§ **REQUIRED WORK**: Beneath this instruction is a block of data; output from it exactly the lines that run from the one containing "áo dài kim sa hoa nhí nền kem" through the one containing "Rainfall, Waterfall, Water", inclusive.

§ **TASK DATA**:
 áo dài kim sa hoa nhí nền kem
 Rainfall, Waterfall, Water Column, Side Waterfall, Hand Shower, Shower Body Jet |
* * *
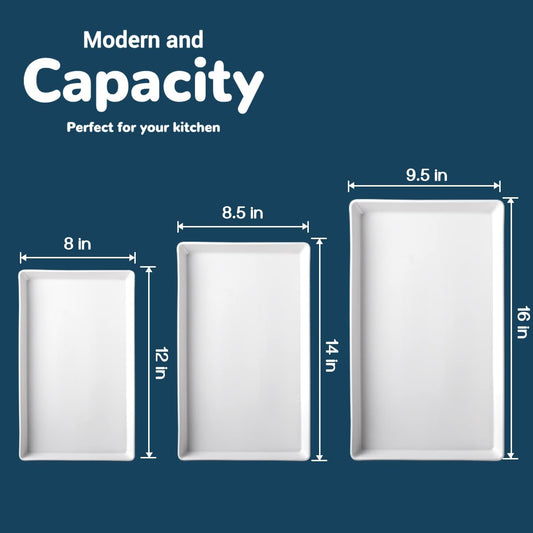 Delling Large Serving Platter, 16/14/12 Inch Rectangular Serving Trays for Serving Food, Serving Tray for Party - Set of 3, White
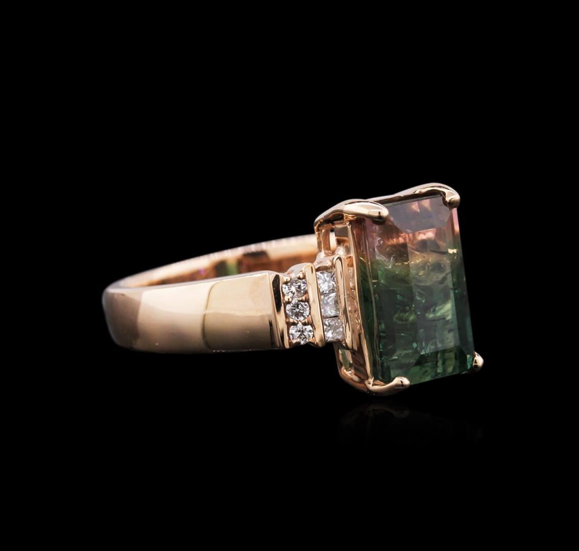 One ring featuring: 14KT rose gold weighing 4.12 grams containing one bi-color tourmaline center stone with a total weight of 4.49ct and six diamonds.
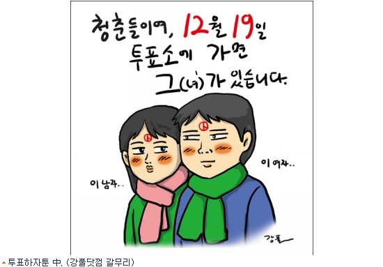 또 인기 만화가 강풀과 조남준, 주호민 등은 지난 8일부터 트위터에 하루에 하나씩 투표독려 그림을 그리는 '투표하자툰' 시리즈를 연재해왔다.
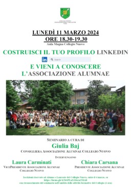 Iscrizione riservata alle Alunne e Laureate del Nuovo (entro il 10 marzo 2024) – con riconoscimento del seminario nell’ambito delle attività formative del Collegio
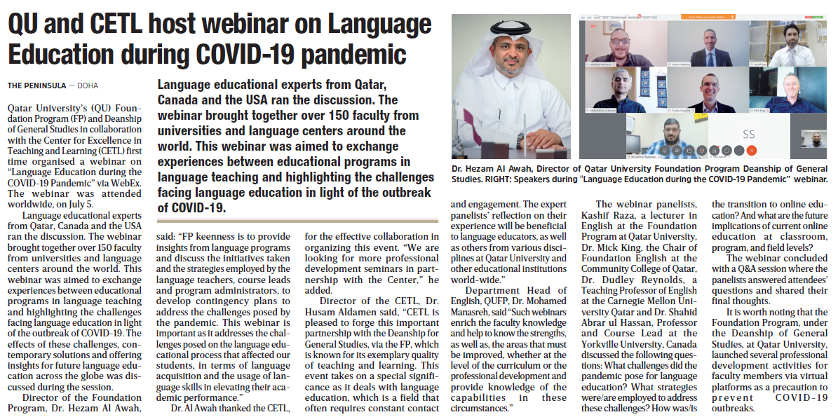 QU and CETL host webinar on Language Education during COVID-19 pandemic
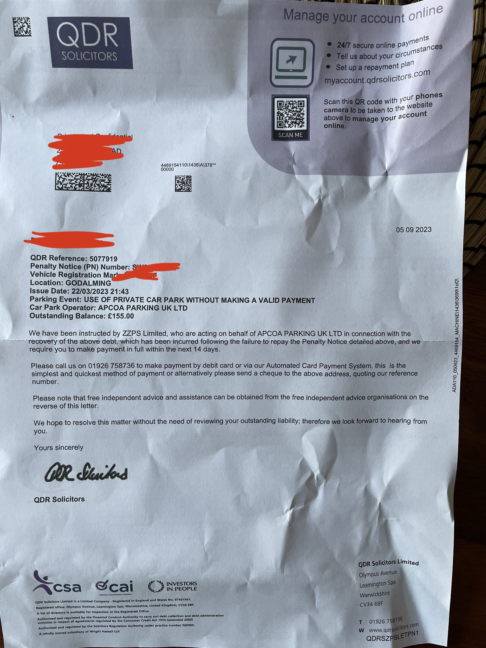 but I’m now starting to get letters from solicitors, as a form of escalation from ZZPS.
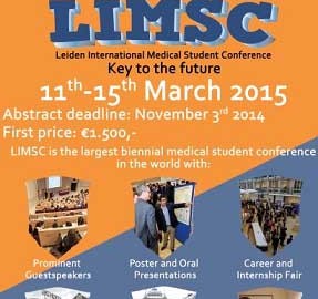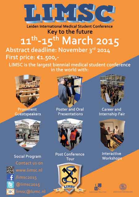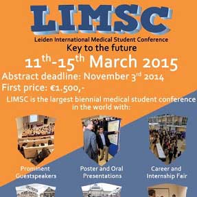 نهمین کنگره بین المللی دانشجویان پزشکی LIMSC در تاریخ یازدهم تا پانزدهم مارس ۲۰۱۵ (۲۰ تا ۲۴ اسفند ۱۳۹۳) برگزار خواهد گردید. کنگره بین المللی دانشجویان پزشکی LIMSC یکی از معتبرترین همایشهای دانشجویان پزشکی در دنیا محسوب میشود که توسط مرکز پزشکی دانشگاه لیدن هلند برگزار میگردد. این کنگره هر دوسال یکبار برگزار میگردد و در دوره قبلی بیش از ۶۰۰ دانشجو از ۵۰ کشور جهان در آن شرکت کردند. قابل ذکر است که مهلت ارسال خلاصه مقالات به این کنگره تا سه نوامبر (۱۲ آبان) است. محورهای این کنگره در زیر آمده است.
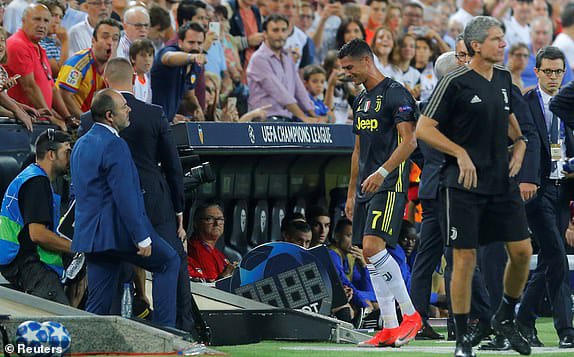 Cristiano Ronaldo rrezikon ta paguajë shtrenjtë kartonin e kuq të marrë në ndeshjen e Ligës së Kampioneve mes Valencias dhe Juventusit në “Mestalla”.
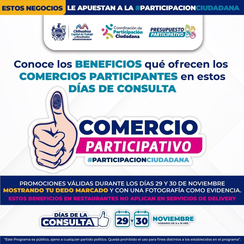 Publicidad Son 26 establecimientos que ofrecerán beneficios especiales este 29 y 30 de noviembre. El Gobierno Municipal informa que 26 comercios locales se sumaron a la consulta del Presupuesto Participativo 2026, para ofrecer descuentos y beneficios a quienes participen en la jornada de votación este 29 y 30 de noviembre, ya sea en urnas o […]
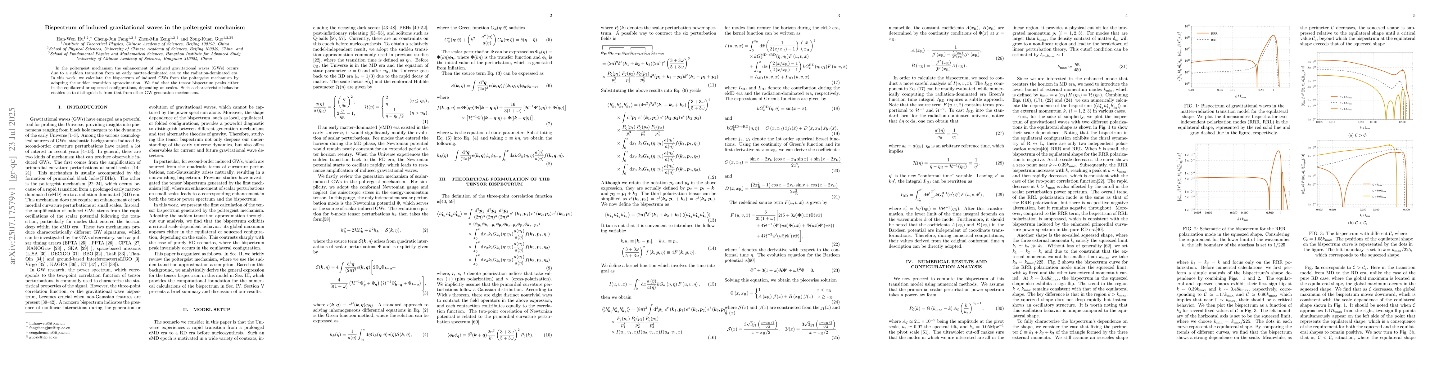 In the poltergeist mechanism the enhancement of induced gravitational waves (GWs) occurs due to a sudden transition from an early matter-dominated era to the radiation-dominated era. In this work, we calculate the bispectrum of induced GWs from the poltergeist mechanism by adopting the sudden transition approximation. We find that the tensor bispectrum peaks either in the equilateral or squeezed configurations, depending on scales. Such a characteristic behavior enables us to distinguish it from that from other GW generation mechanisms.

§ **RESPONSE BELOW**:
 áo dài kim sa hoa nhí nền kem
 Rainfall, Waterfall, Water Column, Side Waterfall, Hand Shower, Shower Body Jet |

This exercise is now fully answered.